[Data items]
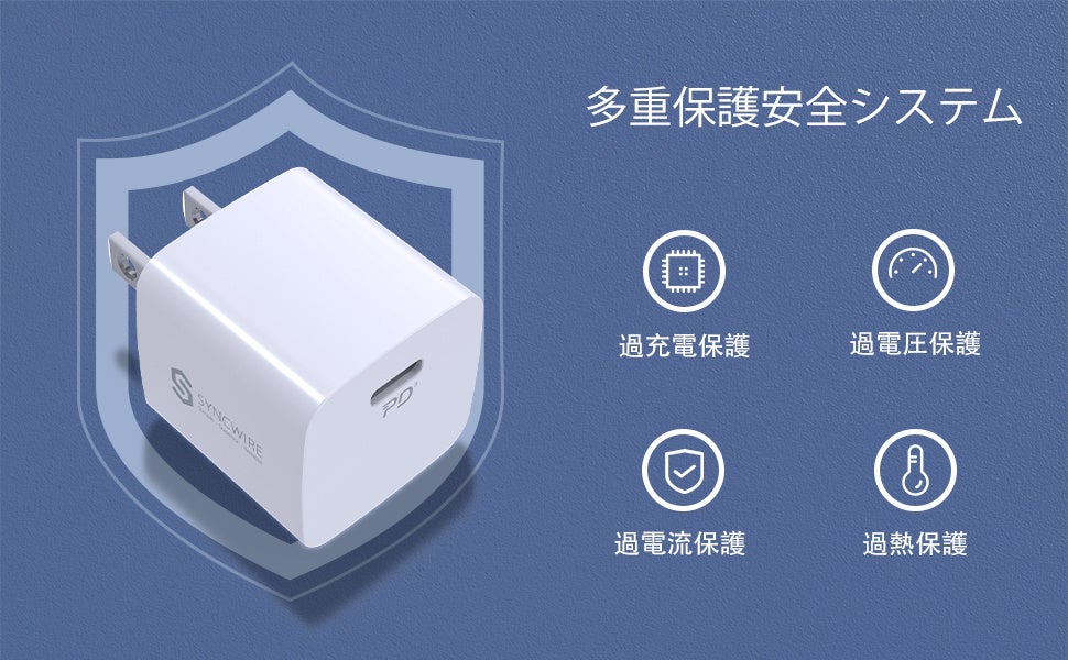 【安全な保護機能搭載】コンパクトかつパワフルな製品でありながら、Syncwire独⾃の多重保護回路により過度な温度上昇の抑制や過充電、漏電、ショー トを防⽌し安全にご利⽤が可能です。
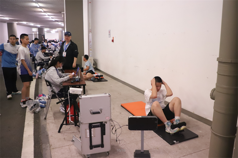 考试期间,福州市教育局遴选了80名志愿者协助做好考生引导,考场秩序维护。在斜身引体项目,贴心准备了缓冲海绵垫,预防考生意外摔倒。在长跑项目终点,考生测试完,由志愿者引导陪伴考生通过慢走逐步恢复身体状态。现场还设置了考生饮水处,方便考生及时补充水分。
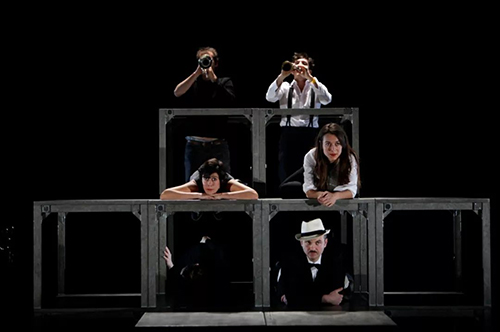 一个事件庞杂的故事以载歌载舞的方式被勾勒出来,用拼接式的表演、可想象的空间、灵活的布景 --舞台上只有不固定的物件(桌椅等)被演员在表演过程中移动转换,来不停地构建、解构、重建这个变化无穷、日新月异的世界影像。
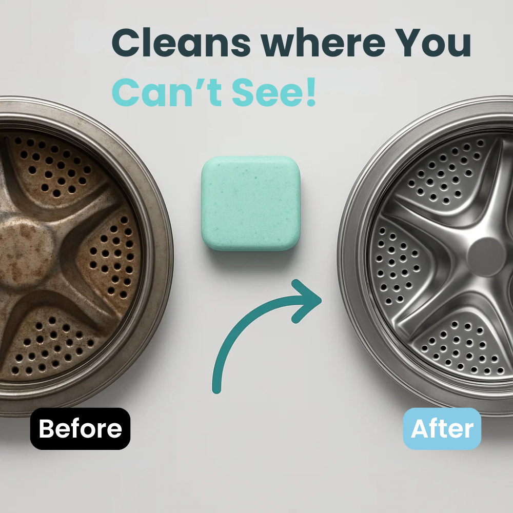 Just drop in one tablet and run an empty cycle — it breaks everything down and flushes it away, leaving your machine clean, fresh, and actually able to clean your clothes.
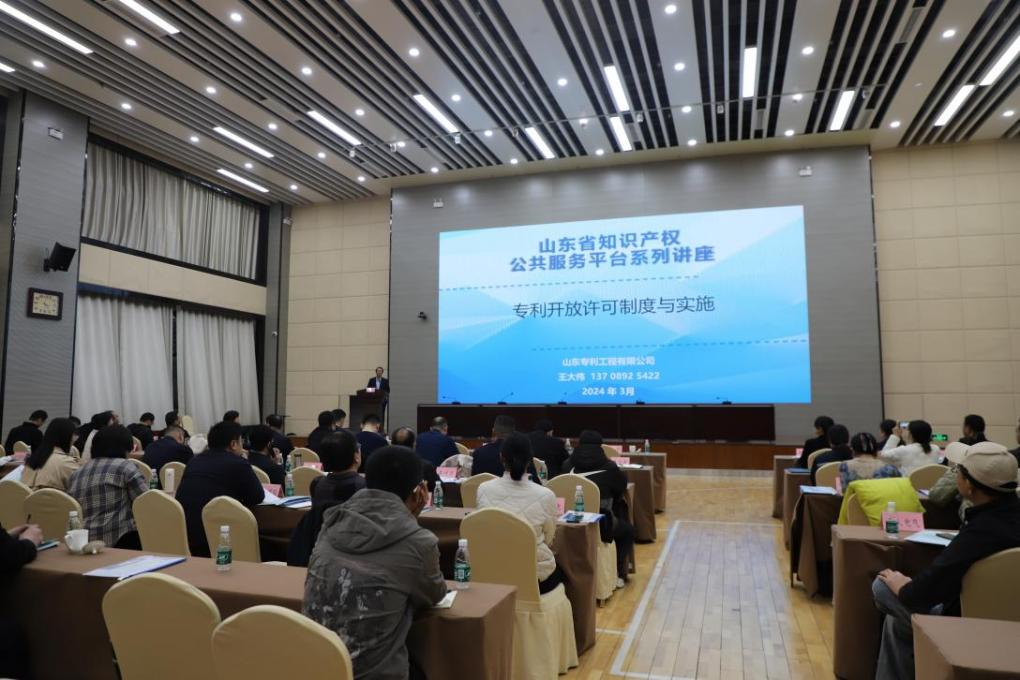 2024年3月26日济宁市重点产业专利开放许可推介会在济宁高新区成功召开。市市场监管局党组书记、局长周庆华,党组成员、副局长刘国柱,市知识产权发展中心副主任、三级调研员仲崇斌,高新区党工委委员、副主任徐廷福出席会议。山东建筑大学、山东科技大学、曲师大、济宁学院等9家高校科研院所,各县市区市场监管局局长、知识产权科负责人和各县市区相关产业企业代表共计110余人参加会议。
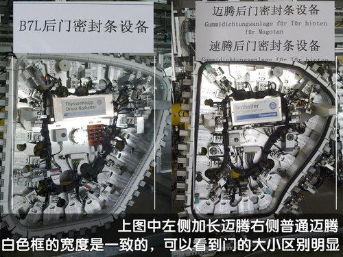 在一汽大眾位于長(zhǎng)春的二廠生產(chǎn)線上記者也確實(shí)看到了寫(xiě)有“B7L”字樣的車(chē)門(mén)試裝區(qū)域。從車(chē)門(mén)的“夾具”來(lái)看,普通的邁騰(B6)與加長(zhǎng)后的邁騰(B7L),在門(mén)的大小上有非常明顯的區(qū)別,并且我們從工作人員那里也獲得了B7L是加長(zhǎng)邁騰的肯定答案。
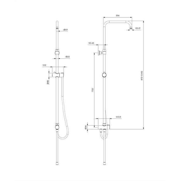 Душевая штанга, Душевой шланг, Кронштейн для верхнего душа |
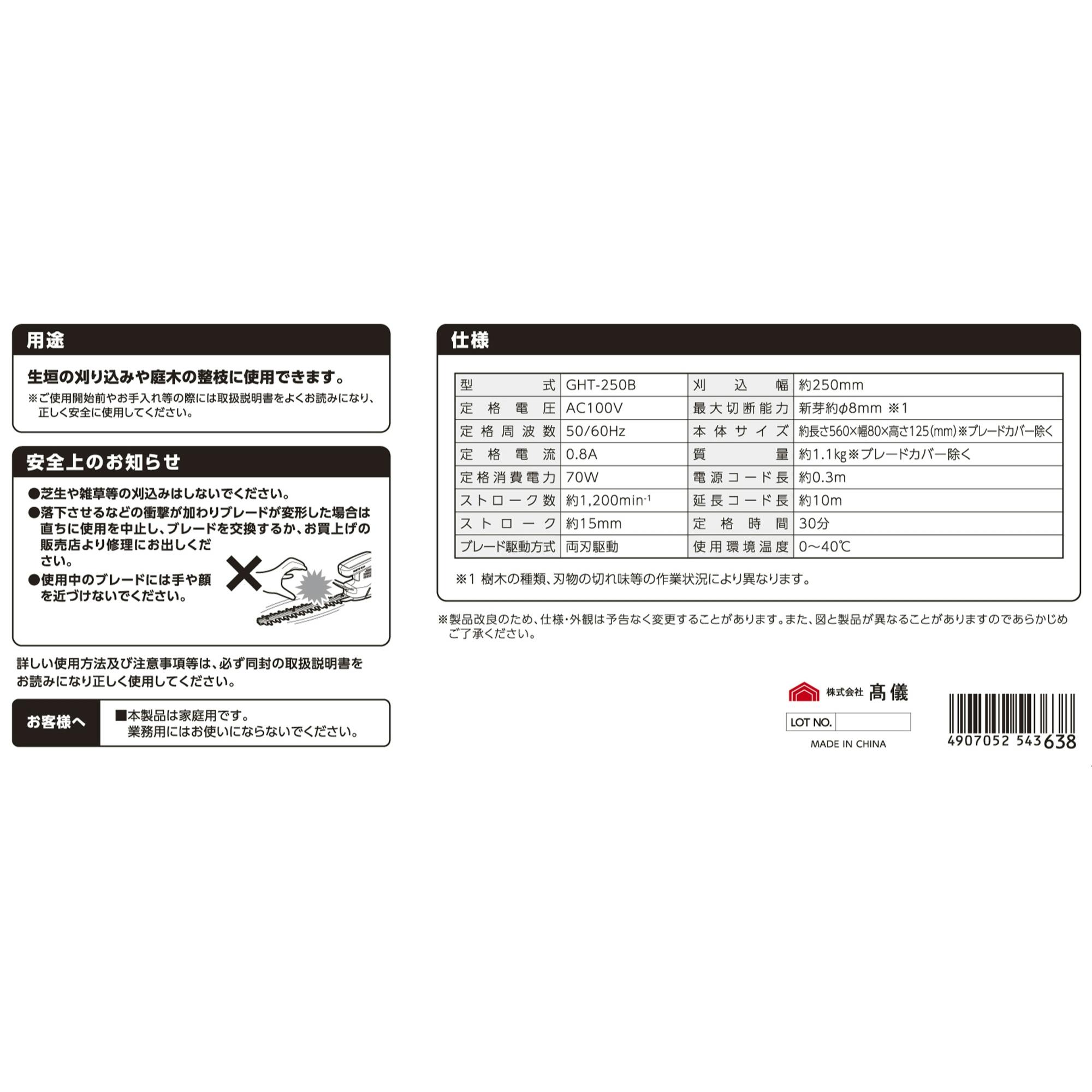 ●6個セット●刈り込み効率が高い両刃駆動ブレード●枝木の飛散から手を守り、安全に作業できるハンドガード付き●コードのたるみによる切断を防ぎ、安全に作業できるコード用カラビナ付き

_EXERCISE DESCRIPTION_.
Copy all of the entries verbatim, leaving out any pictures they contain.

_YOUR RESPONSE_.
 【安全な保護機能搭載】コンパクトかつパワフルな製品でありながら、Syncwire独⾃の多重保護回路により過度な温度上昇の抑制や過充電、漏電、ショー トを防⽌し安全にご利⽤が可能です。
 考试期间,福州市教育局遴选了80名志愿者协助做好考生引导,考场秩序维护。在斜身引体项目,贴心准备了缓冲海绵垫,预防考生意外摔倒。在长跑项目终点,考生测试完,由志愿者引导陪伴考生通过慢走逐步恢复身体状态。现场还设置了考生饮水处,方便考生及时补充水分。
 一个事件庞杂的故事以载歌载舞的方式被勾勒出来,用拼接式的表演、可想象的空间、灵活的布景 --舞台上只有不固定的物件(桌椅等)被演员在表演过程中移动转换,来不停地构建、解构、重建这个变化无穷、日新月异的世界影像。
 Just drop in one tablet and run an empty cycle — it breaks everything down and flushes it away, leaving your machine clean, fresh, and actually able to clean your clothes.
 2024年3月26日济宁市重点产业专利开放许可推介会在济宁高新区成功召开。市市场监管局党组书记、局长周庆华,党组成员、副局长刘国柱,市知识产权发展中心副主任、三级调研员仲崇斌,高新区党工委委员、副主任徐廷福出席会议。山东建筑大学、山东科技大学、曲师大、济宁学院等9家高校科研院所,各县市区市场监管局局长、知识产权科负责人和各县市区相关产业企业代表共计110余人参加会议。
 在一汽大眾位于長(zhǎng)春的二廠生產(chǎn)線上記者也確實(shí)看到了寫(xiě)有“B7L”字樣的車(chē)門(mén)試裝區(qū)域。從車(chē)門(mén)的“夾具”來(lái)看,普通的邁騰(B6)與加長(zhǎng)后的邁騰(B7L),在門(mén)的大小上有非常明顯的區(qū)別,并且我們從工作人員那里也獲得了B7L是加長(zhǎng)邁騰的肯定答案。
 Душевая штанга, Душевой шланг, Кронштейн для верхнего душа |
 ●6個セット●刈り込み効率が高い両刃駆動ブレード●枝木の飛散から手を守り、安全に作業できるハンドガード付き●コードのたるみによる切断を防ぎ、安全に作業できるコード用カラビナ付き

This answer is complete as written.